Заерзав в кресле, Плунецки немного поразмышлял про себя. Прикидывал, наверное, вранье какого масштаба полиция сможет проглотить.
– Привил ему способность ходить, передвигать набитыми ватой ногами, – произнес по итогу он. – Еще моргать пытался его научить, так как у клоуна были вставлены верхние веки, но у меня не вышло. Паршивая оказалась игрушка, качество материалов никуда не годится…
– Забрав клоуна, похитители поняли, что вы не тот кукловод, который создал куклу-шута, – вслух сделал вывод Харш, вышагивая вдоль бюро. Олли, вопреки сказанному, изобразил самодовольство. – Как зовут вашего подмастерье, господин Плунецки?
– А зачем вам знать? Это мои сугубо личные дела, знаете ли. Это бизнес. И вести его я имею право так, как считаю нужным. Я выплачиваю своему работнику достойную плату. Более чем достойную. Ха, да наглый подмастерье получал порой больше меня! И его имя к вашему расследованию отношения не имеет.
– Вы рассказывали о своем подмастерье похитителям?

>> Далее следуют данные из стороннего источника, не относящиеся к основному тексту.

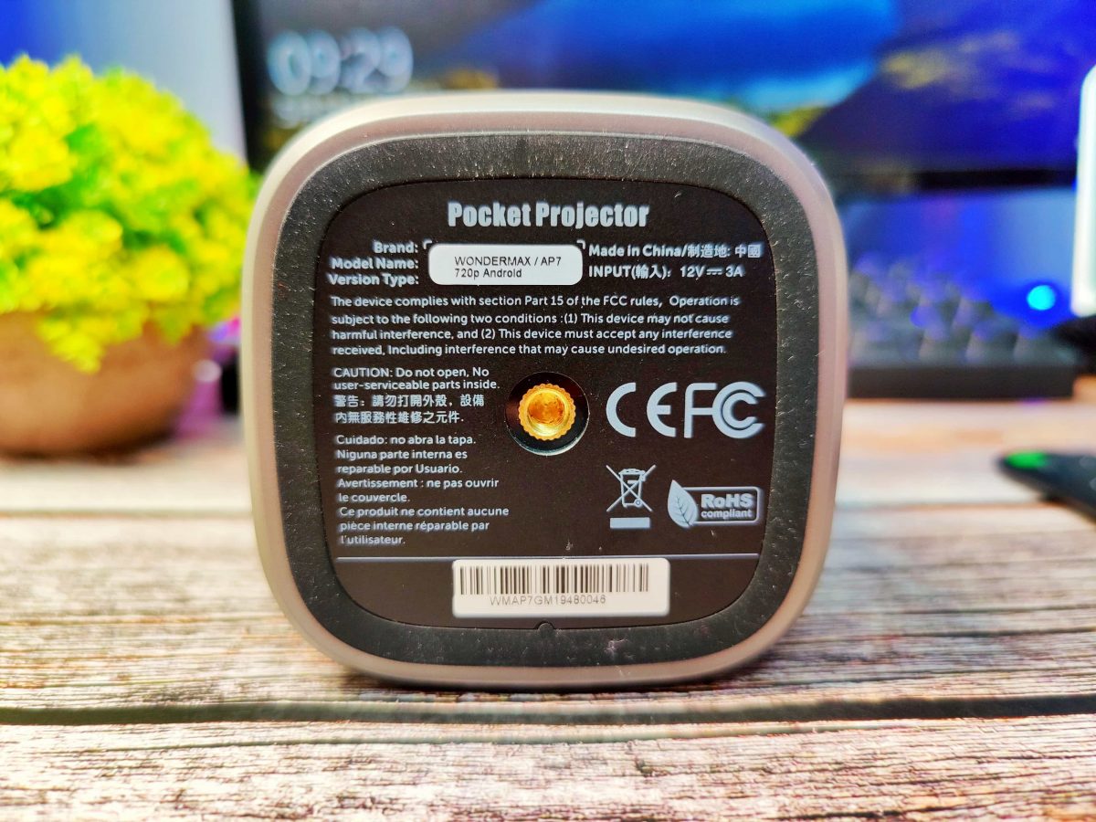 「 WONDERMAX AP7 投影機 」便攜的設計,只要簡單放置在平整的桌面上即可播放檔案,筆者使用一段時間下來認為比較可惜的部分在於鏡頭無法上下調整,因此若桌面低於投影布幕最底部,必須將 WONDERMAX AP7 墊高才能使用。
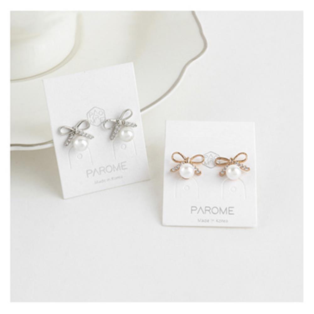 여자 리본 진주 미니 큐빅 스터드 이어링 귀걸이
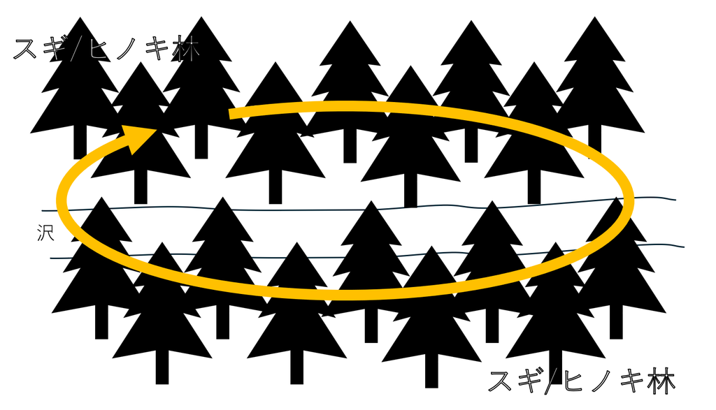 できれば沢の近くのスギ林やヒノキ林を少し高い位置から見渡すことのできる場所が撮影しやすいように思います。
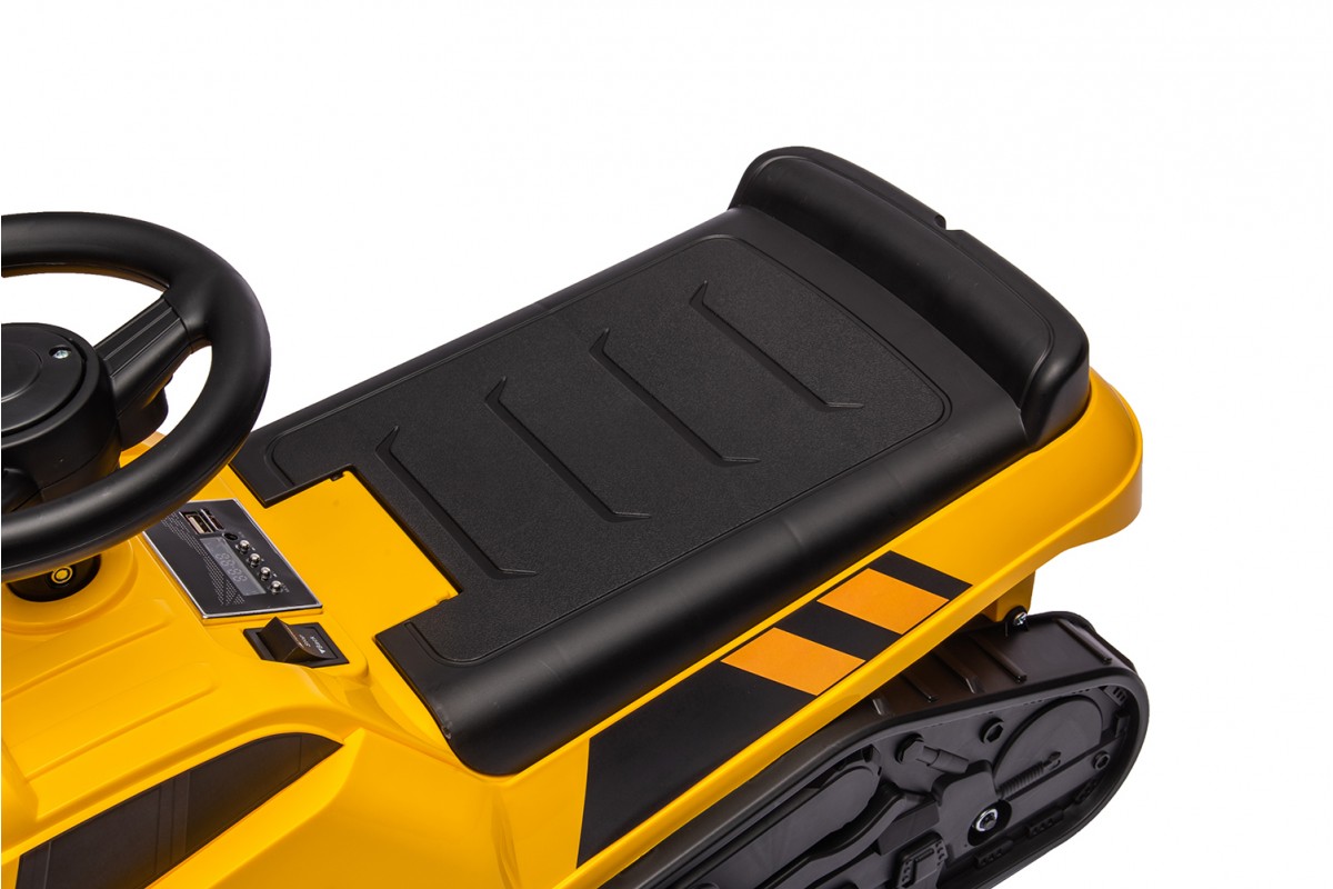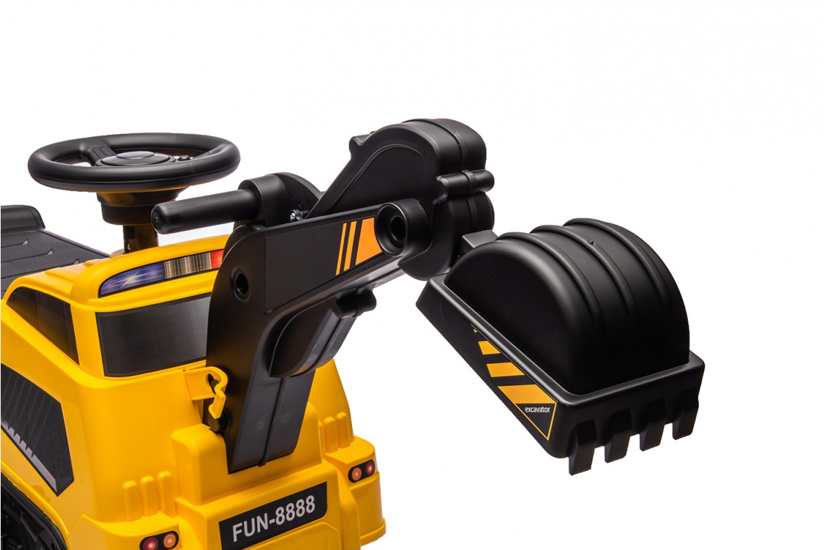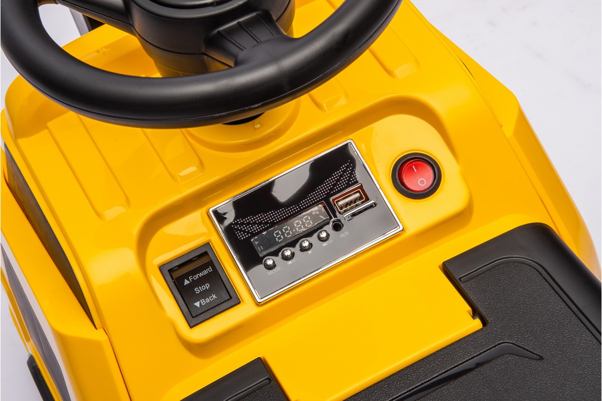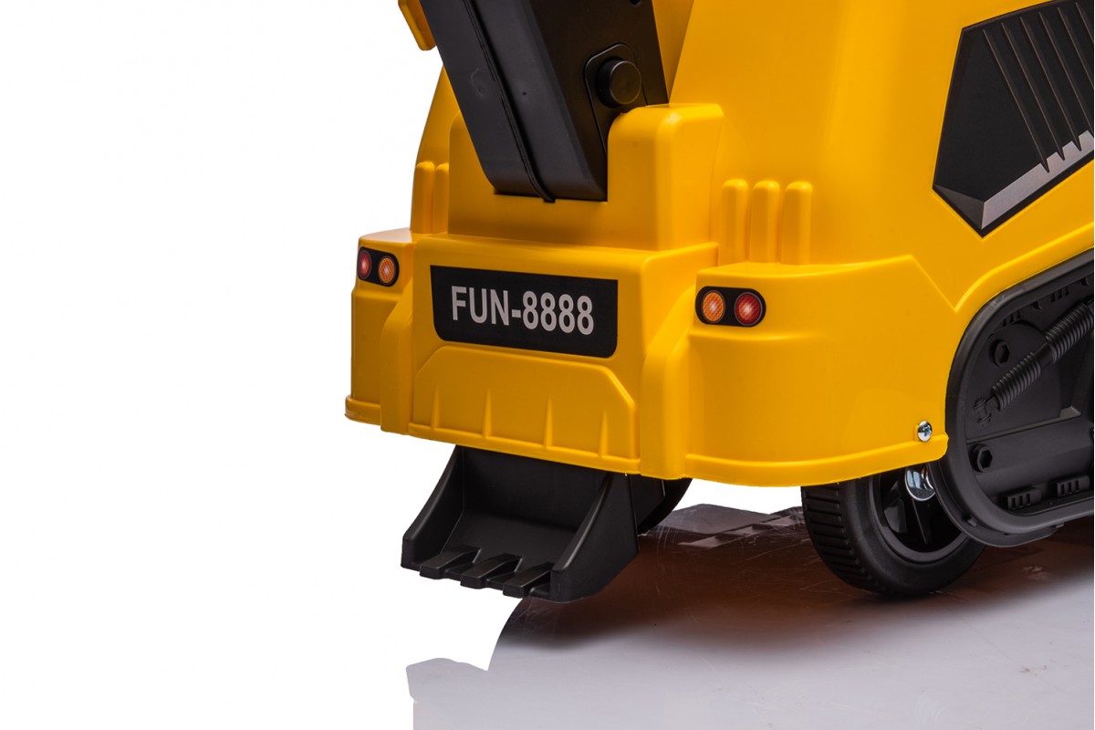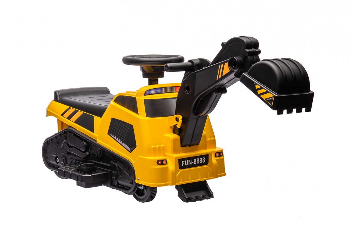 Трактор выполнен в стандартной черно-желтой цветовой гамме, очень функциональный, модель при смене насадок может легко превращаться в 3 различные вида строительной техники по вашему желанию: экскаватор, каток, погрузчик. Ребенок не захочет расставаться с новой игрушкой. Благодаря прорезиненным шинам и ножной педали ускорения, поездка будет и реалистичной, и безопасной. Вам надолго запомнится игра с этим уникальным трактором и несомненно захочется присесть за руль этого игрушечного трактора снова.

Кукловод с неохотой кивнул. Харш повернулся к окну и какое-то время не двигался. Когда он вновь заговорил, голос его подвел. Детектив был расстроен.
– В таком случае боюсь, что ваш подмастерье находится в опасности. Как его имя?
– А с чего вы взяли, что это – он?
Подмастерье Олли Плунецки звали Эдея. Полного имени кукловод не знал, незачем ему было захламлять свой драгоценный разум всякой ерундой. Жила Эдея во внутреннем дворике, в небольшой лачуге прямо за лавкой Олли. Девушка была одинокой и имела поразительные таланты в ремесле кукловода.
– Мне всегда казалось, что она, знаете, немного с приветом, – говорил Олли. – Бывало, она круглые сутки молчала и работала, работала… И работала с таким усердием, словно ничего в этом мире больше не существовало, кроме ее стекла и фарфора.
– И что же в этом странного? – спросил Харш, но Олли ему не ответил, а только старательно поглаживал свои усы.
Детектив дал распоряжения двум желтым плащам у двери, и те, кивнув, вышли. Эдею следовало немедля доставить в участок.
Следующей заговорила женщина с медным каре. Она отошла от картотеки и встала напротив кукловода, чтобы лучше видеть его лицо. Ирвелин отметила про себя, что шаг женщины был метким и прыгучим, похожим на шаг матерого спортсмена.
– А где в тот день, когда вас похитили, находилась Эдея? В своей лачуге?
– Не было ее там, – проворчал Олли. – Бродила неизвестно где, меня в известность не поставила.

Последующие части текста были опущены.